The U.S.-Saudi relationship appears to be on the rocks.
Most recently, the rift of 9/11 has been reopened. This month “60 Minutes” reported on the still-classified final chapter of a 2003 Senate report on the attacks, which it said would show that some Saudi officials, charities and wealthy individuals supported two of the 9/11 hijackers.
The Saudi connection is especially relevant now because Congress is considering legislation to allow the families of 9/11 victims to sue Saudi Arabia for damages. Saudi officials are warning the White House, according to the New York Times, that the kingdom would sell off hundreds of billions of dollars worth of U.S. assets if that bill became law.
Then there is Obama himself. His signature foreign policy achievement, a nuclear deal with Iran, has removed sanctions on a country that is in a proxy war with Saudi Arabia across the region. To make matters worse, Obama has said -- in an interview published last month in the Atlantic -- that the Saudis must learn how to share the Middle East with Iran. A year earlier, he told New York Times columnist Tom Friedman that the Saudis and other Gulf monarchies faced an internal threat because of the sclerosis of closed political systems.

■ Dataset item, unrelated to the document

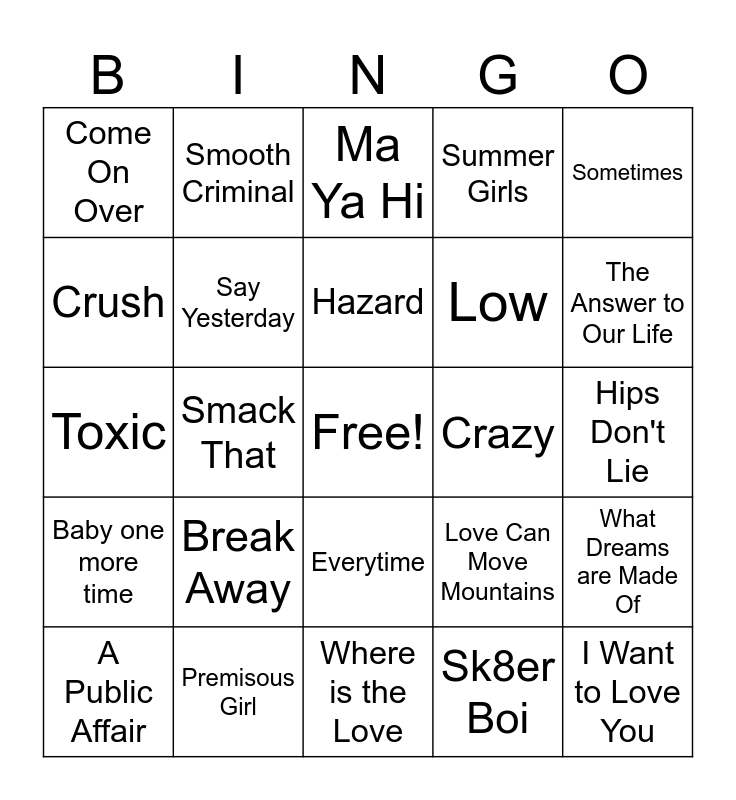 This bingo card has a free space and 29 words: A Public Affair, Fergalicious, Smack That, Everytime we Touch, Come On Over, Ma Ya Hi, Say Yesterday, Break Away, Crazy, Premisous Girl, Hips Don't Lie, I Want to Love You, Where is the Love, Sk8er Boi, The Answer to Our Life, Shut Up, Everytime, Baby one more time, Sometimes, Toxic, Love Can Move Mountains, Bad Day, Low, Crush, Summer Girls, Smooth Criminal, What Dreams are Made Of, Hazard and Atlanta.

This is the backdrop of Obama’s visit Wednesday to Riyadh. But the U.S.-Saudi relationship only appears to be on the rocks. Indeed, despite harsh words about how Saudi Arabia is politically organized and how the Iran agreement enhances its security, the president is doubling down on a partnership that has endured since the 1930s. He has deepened military and intelligence ties with the kingdom since he came into office in 2009.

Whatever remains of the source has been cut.